New Zealand Deputy Prime Minister and Foreign Minister Winston Peters [Source: AAP Image/Ben Mckay]
New Zealand Deputy Prime Minister Winston Peters has talked down the impact of emissions on climate change at the Pacific Islands Forum Leaders Meeting.
The Kiwi foreign minister also cast doubt over whether NZ would continue to offer generous climate finance when the current budget runs out next year.
Mr Peters was a sole voice downplaying the climate crisis on the same day the United Nations released a report forecasting growing sea level rise and flooding events across the region.
Secretary-General Antonio Guterres’ attendance at the regional forum has brought a sharp focus to the devastating impacts of global warming in the Pacific.
However, asked by a Tongan-New Zealand journalist whether he believed in climate change, Mr Peters prevaricated.
“Do I believe in climate change?
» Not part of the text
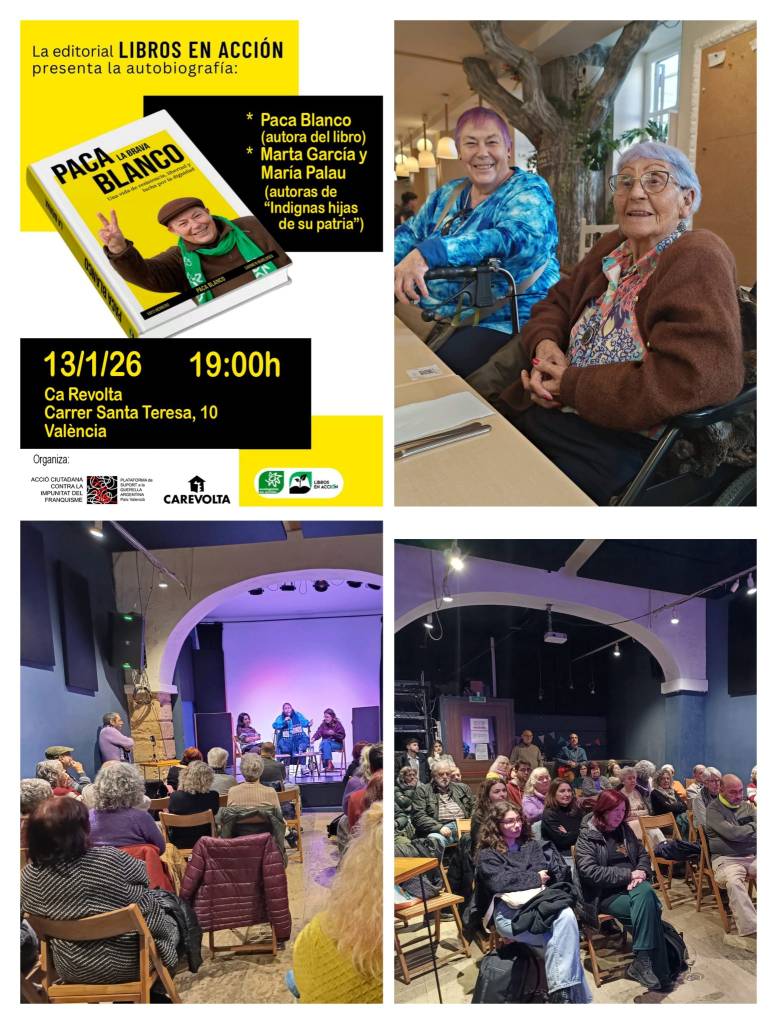 Paca ha estado acompañada en la presentación por Marta Garcia y María Palau, autoras de Indignas hijas de su patria, investigadoras del Patronato de Protección a la Mujer y referentes en la reciente divulgación de esa institución franquista contra las mujeres.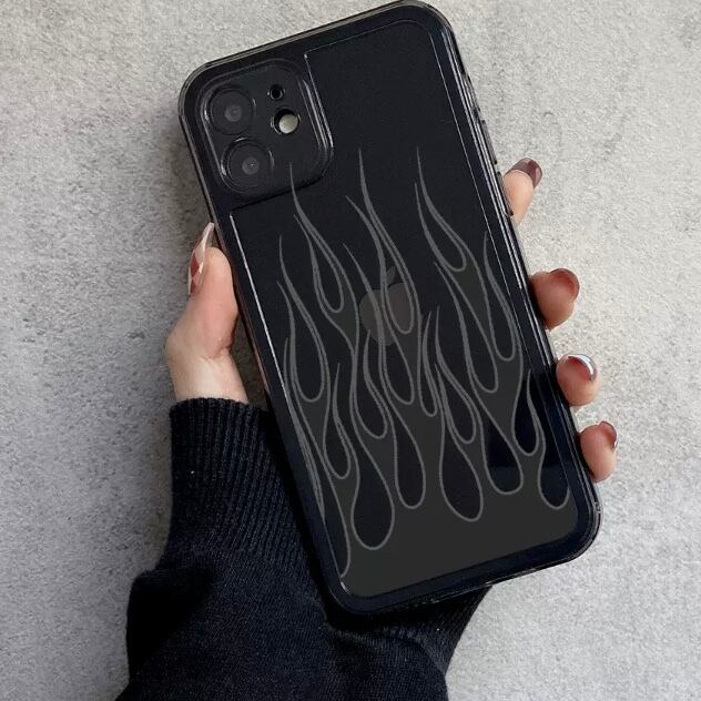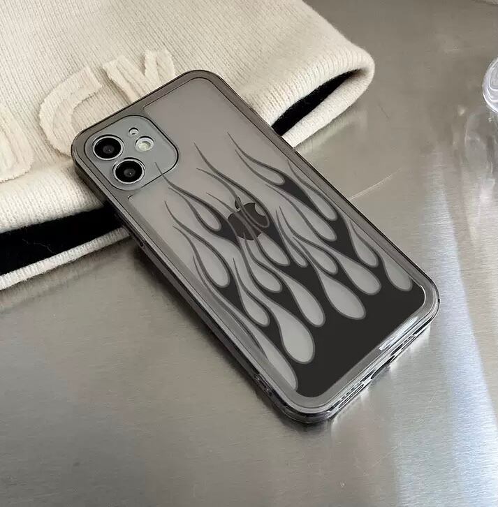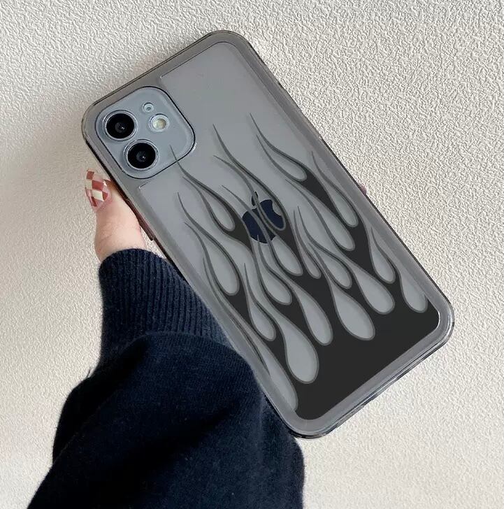 KT-0347 炎 ブラック クリア シンプル iPhone スマホケース お洒落 ユニーク キュート 可愛い

The answer is for thousands and thousands and thousands of years there has been climate change,” he said.
He suggested said a severe storm which killed 11 people in New Zealand in February 2023 was no different to those in years gone by.
“Cyclone Gabrielle happened in the 30s in Hawke’s Bay,” he said.
“The biggest tsunami in recent times was in 1968. There’s always climate change.
“There have been massive climate changes down over (millennia). There was a mini-ice age in the 1600s. We all understand that.
“Our job is to build as much as we can resilience against it and whilst we’re transitioning to a new age.”
Mr Peters’ comments jarred against the advocacy of Mr Guterres in Tonga this week, and of other Pacific leaders.
The UN chief issued a “global SOS to Save Our Seas” from rising sea levels, calling it a “crisis entirely of humanity’s making” and a “worldwide catastrophe putting this Pacific paradise in peril”.
Tuvalu Prime Minister Feleti Teo said he was delighted that the UN was platforming the climate cause.
“We’re very grateful for the UN secretary-general’s commitment to the cause of the Pacific in terms of climate change and of course (reducing) fossil fuels is at the core of it,” he told AAP.
Papua New Guinea Prime Minister James Marape said he “could not be more satisfied” by Mr Guterres’ advocacy.
One of Mr Guterres’ key requests is that developed nations offer more to developing countries to help them adapt to climate change, given they largely didn’t cause it.
New Zealand committed $NZ1.2 billion ($A1.1 billion) in climate finance between 2022 to 2025, meaning a new decision must be taken on how much to give in next year’s budget.
The coalition government has undertaken major cuts in public spending since taking office, including to an array of climate projects.
Asked whether he would be able to maintain a level of spending, Mr Peters cryptically said, “It is extraordinarily difficult in this job, but not impossible”.
He is in his third stint as NZs top diplomat, but also the leader of New Zealand First, a minor party that has flirted with conspiratorial beliefs including climate denialism.
His deputy leader Shane Jones told parliament last week, “I belong to New Zealand First, not climate first”.
Mr Peters’ comments in Tonga align with his party’s belief that economic development underpins all other matters.
“If we’re going to help anyone with all the other tsunamis coming their way, such as the health tsunami, food supply tsunami, employment and economic tsunami … we need to have a sound economy ourselves,” he said.